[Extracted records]
*****

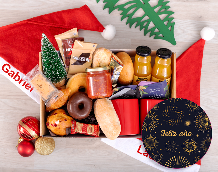 Contenido para 1 persona: • Caja. • Árbol de navidad. • Gorro navideño (personalización opcional). • Turroncito de almendra • Turroncito de almendra con cacao. • Porción de turrón blando. • Taza de diseño. • Manzana. • Café. • Té de varios sabores. • Rooibos. • Zumo ecológico (Huerto de Sabor). • Bollería Artesanal: -Coulant de chocolate (artesanal). -Muffins con pepitas. (artesanal). -Donuts (Pan Rico). -Pump cake (artesanal) -Mini Donuts (Pan Rico). • Servilleta. • Tarjeta Recordatoria. Contenido para 2 personas: • Caja. • Árbol de navidad. • 2 Gorros navideños (personalización opcional). • 2 Figuras de mazapán. • 2 Turroncitos de almendra • 2 Turroncitos de almendra con cacao. • 2 Porciones de turrón blando. • 2 Tazas de diseño. • 2 Cafés. • Té de varios sabores. • 2 Rooibos. • 2 Zumos ecológico (Huerto de Sabor). • Bollería Artesanal: -Coulant de chocolate (artesanal). -Muffins con pepitas. (artesanal). -Donuts (Pan Rico). -Pump cake (artesanal) -Mini Donuts (Pan Rico). • Panes artesanales: - Pan chapata - Pan de cristal. - Pan brioche. • Tomate rosa de Barbastro triturado (300g). • 2 Aceites de oliva ecológicos 10 ml. • 2 cuberterías. • 2 servilletas. • Tarjeta Recordatoria. Las tazas y los termos personalizados reemplazarán a los del desayuno.
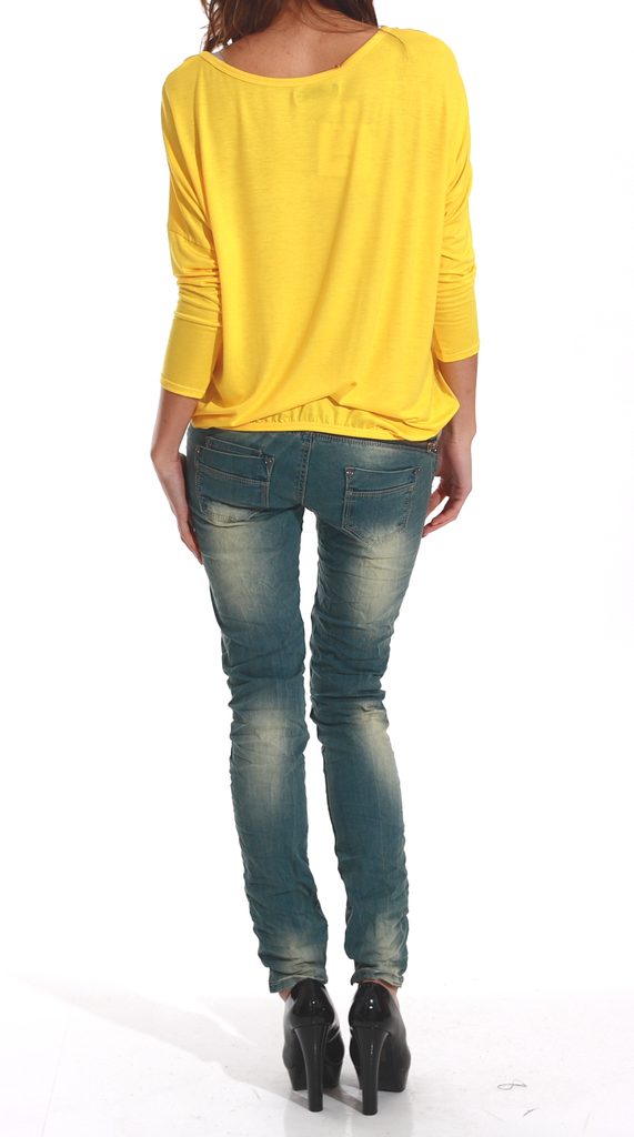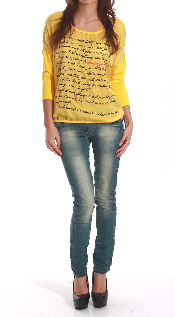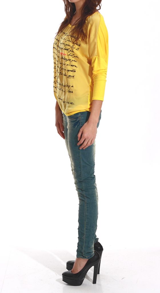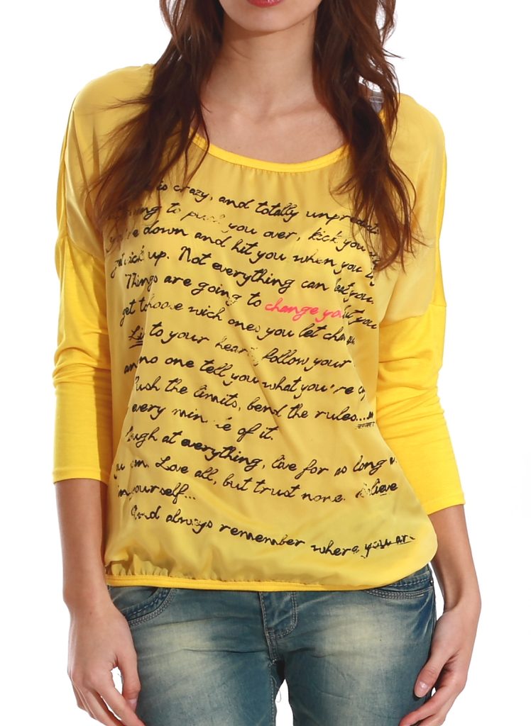Zářivý top v mladistvé barvě a materiálu. Přední část je s potiskem a velice příjemným materiálem. Top má 3/4 rukávy. Ve spodním lemu je gumička pro docílení balónovytého tvaru.
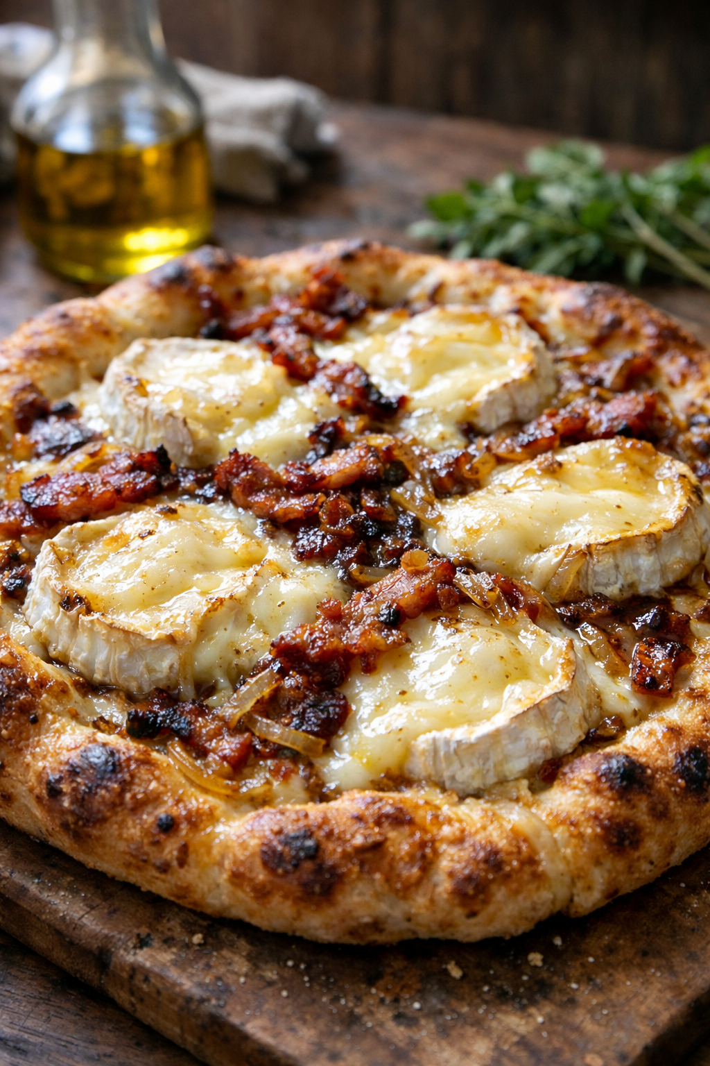 Pizza Camembert Fondante aux Lardons et Oignons Caramélisés
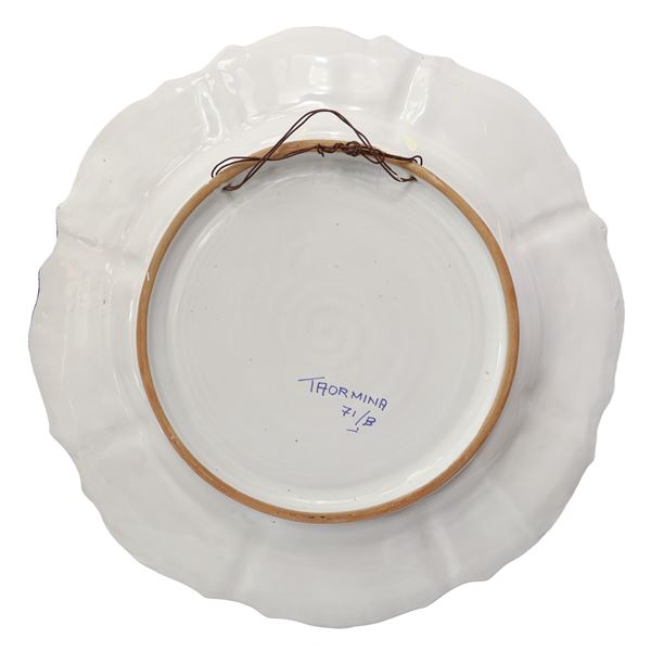 Piatto da muro smerlato, base bianca, disegni floreali e uccelli nei toni del blu, Taormina
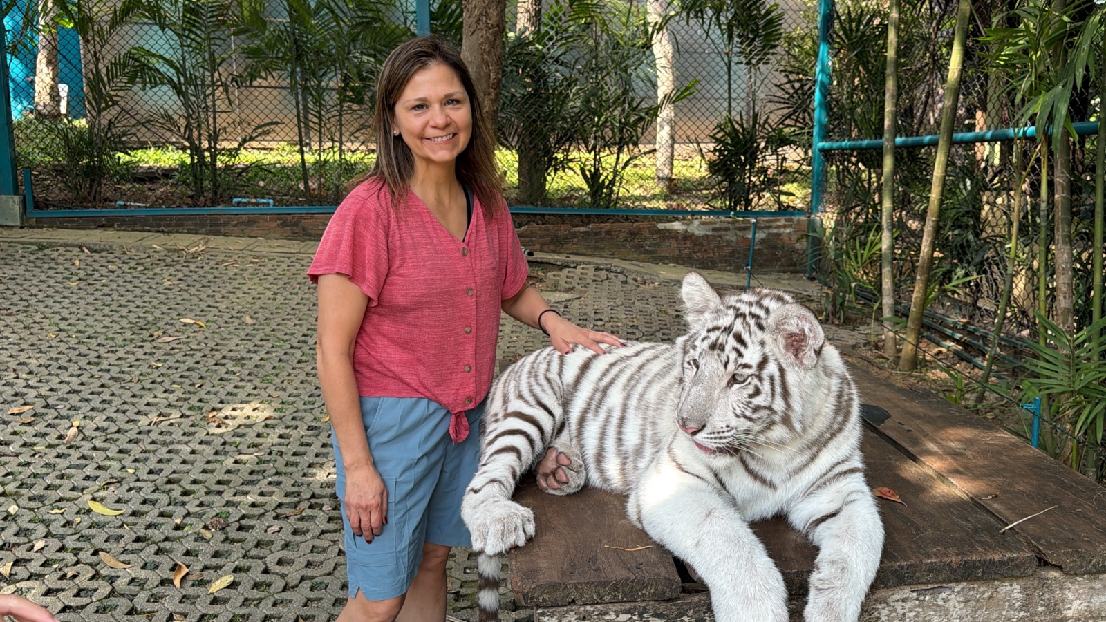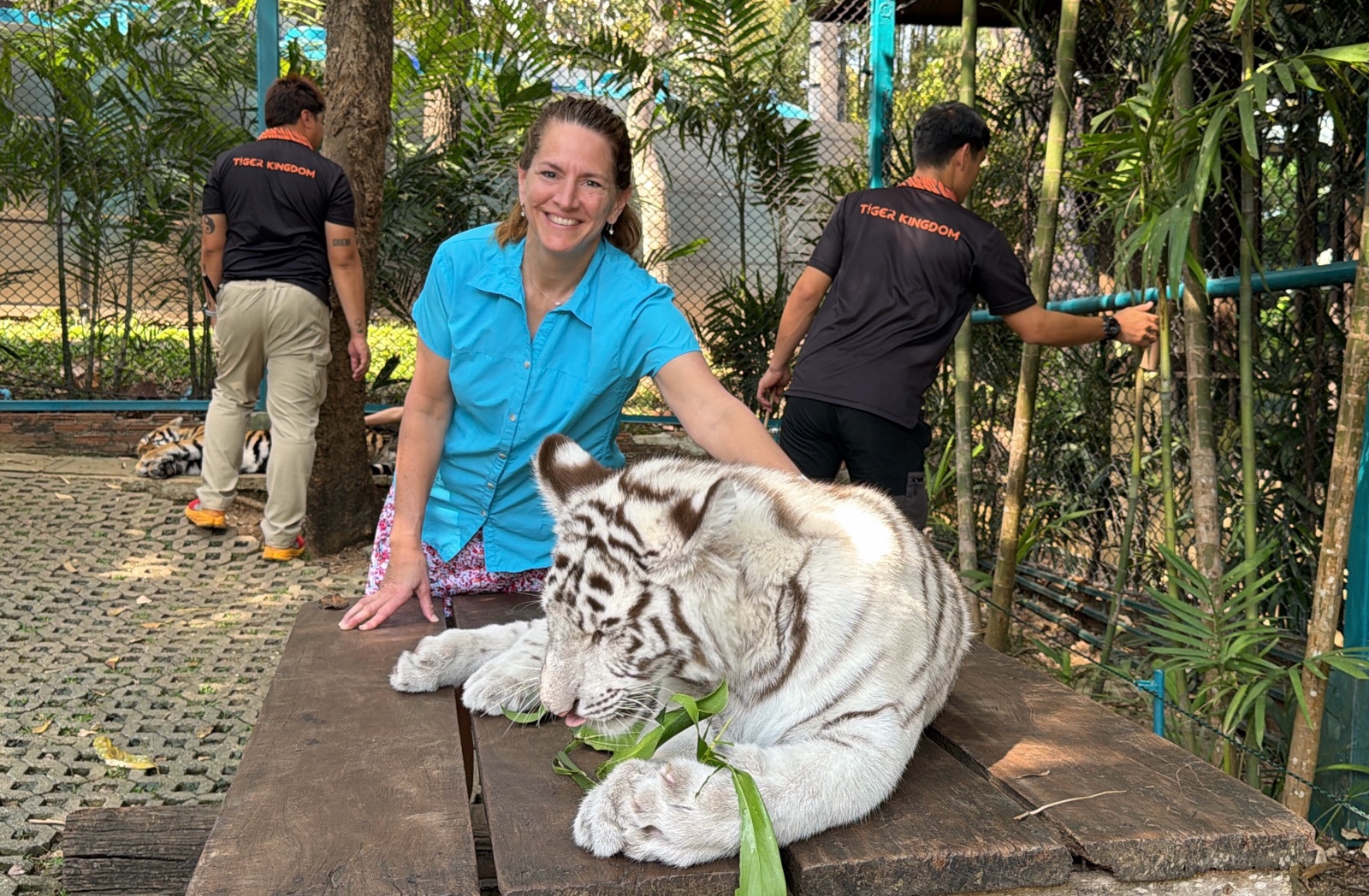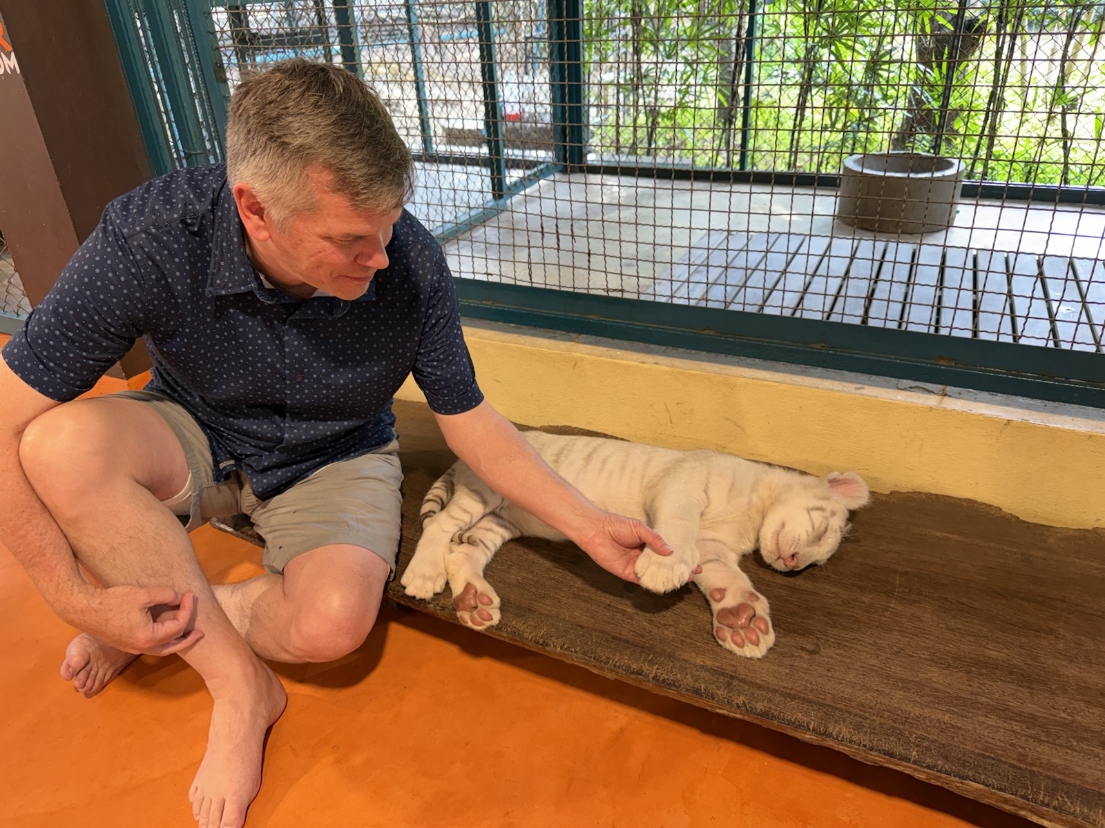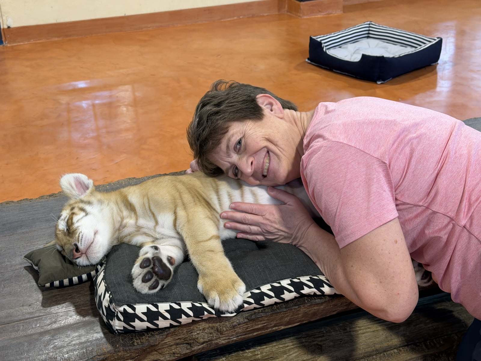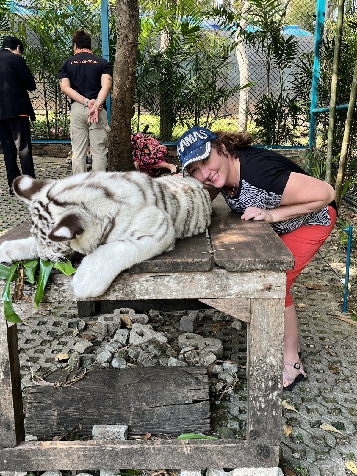 Speaking of white tigers, Linette hung out with this "young" 6-month-old tiger.
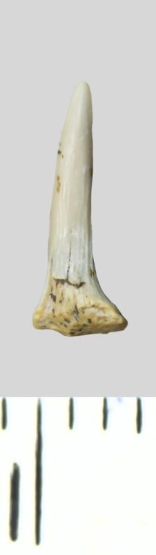 Зуб (фрагмент). Акула. Odontaspis whitei Arambourg, 1952. Классификация: Хордовые Chordata, Позвоночные Vertebrata, Хрящевые рыбы Chondrichthyes, Пластиножаберные Elasmobranchii
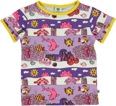 All our T-shirts for children are made off 100% organic cotton for the benefit of both your child and the environment. Our T-shirts have different prints such as landscapes, firetrucks or rabbits. When children learn to talk, it can be funny to turn dressing into a game, where the children can put words on the motives, prints and colors there is on our different designs. That way the children develop the imagination and story telling skills, at the same time they are getting dressed.
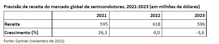 O Gartner, líder mundial em pesquisa e aconselhamento para empresas, anuncia nova pesquisa que mostra que a receita global do mercado de semicondutores deverá cair 3,6% em 2023. A tendência vai na contramão do que era esperado para este ano. De acordo com a pesquisa do Gartner, a receita global de semicondutores está prevista para totalizar US$ 596 bilhões em 2023, abaixo da previsão anterior que era de US$ 623 bilhões.
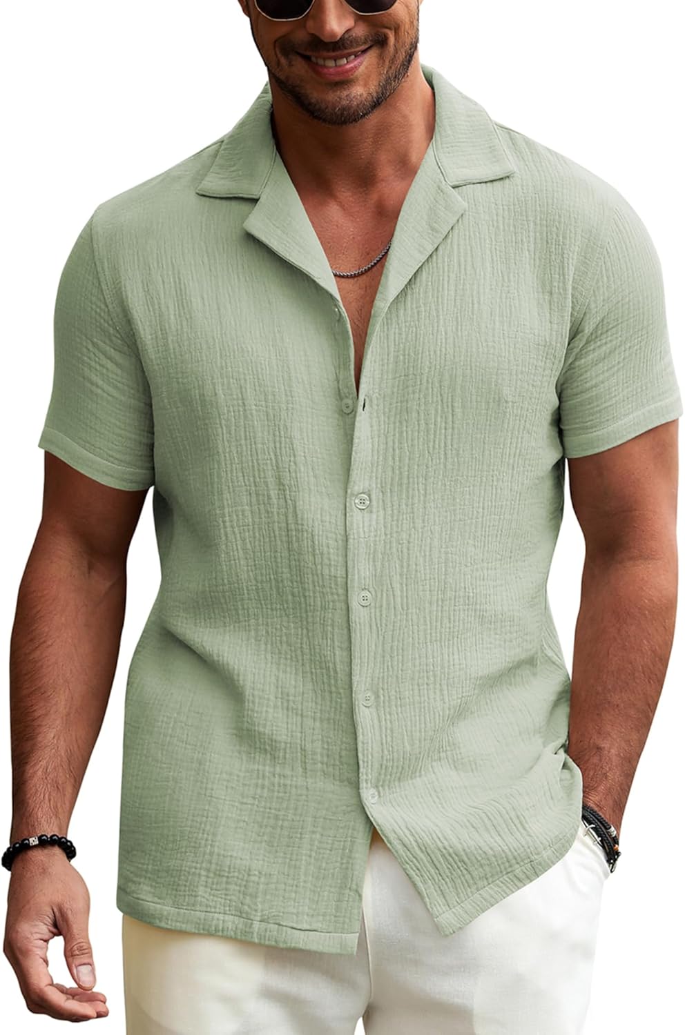 • 【Collocations】: A casual/dressy short sleeve button down shirts needs to be in everyone’s wardrobe. Easily styled with shorts, denims or a tailored trouser, this one is crafted from a breezy cotton gauze with its signature waffle texture
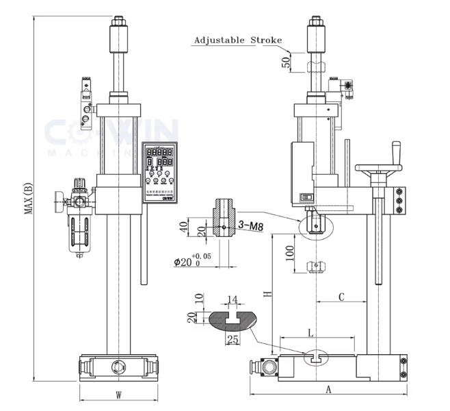 Этот пневмогидравлический пресс обеспечивает диапазон давления от 0,3 до 0,8 МПа и максимальную теоретическую производительность 15 кН. Он отличается простотой регулировки с помощью воздушного давления, высокой точностью и адаптивностью для точных ударных нагрузок. Машина поддерживает ручные, полуавтоматические и автоматические операции и включает системы безопасности, такие как кнопки двухкнопочного запуска и защиты от перегрузки.

*****

WHAT YOU HAVE TO DO
Once the line containing "All our T-shirts" is found in the records above, it and every line after it up to the last must be repeated exactly, without pictures.

YOUR SOLUTION
 All our T-shirts for children are made off 100% organic cotton for the benefit of both your child and the environment. Our T-shirts have different prints such as landscapes, firetrucks or rabbits. When children learn to talk, it can be funny to turn dressing into a game, where the children can put words on the motives, prints and colors there is on our different designs. That way the children develop the imagination and story telling skills, at the same time they are getting dressed.
 O Gartner, líder mundial em pesquisa e aconselhamento para empresas, anuncia nova pesquisa que mostra que a receita global do mercado de semicondutores deverá cair 3,6% em 2023. A tendência vai na contramão do que era esperado para este ano. De acordo com a pesquisa do Gartner, a receita global de semicondutores está prevista para totalizar US$ 596 bilhões em 2023, abaixo da previsão anterior que era de US$ 623 bilhões.
 • 【Collocations】: A casual/dressy short sleeve button down shirts needs to be in everyone’s wardrobe. Easily styled with shorts, denims or a tailored trouser, this one is crafted from a breezy cotton gauze with its signature waffle texture
 Этот пневмогидравлический пресс обеспечивает диапазон давления от 0,3 до 0,8 МПа и максимальную теоретическую производительность 15 кН. Он отличается простотой регулировки с помощью воздушного давления, высокой точностью и адаптивностью для точных ударных нагрузок. Машина поддерживает ручные, полуавтоматические и автоматические операции и включает системы безопасности, такие как кнопки двухкнопочного запуска и защиты от перегрузки.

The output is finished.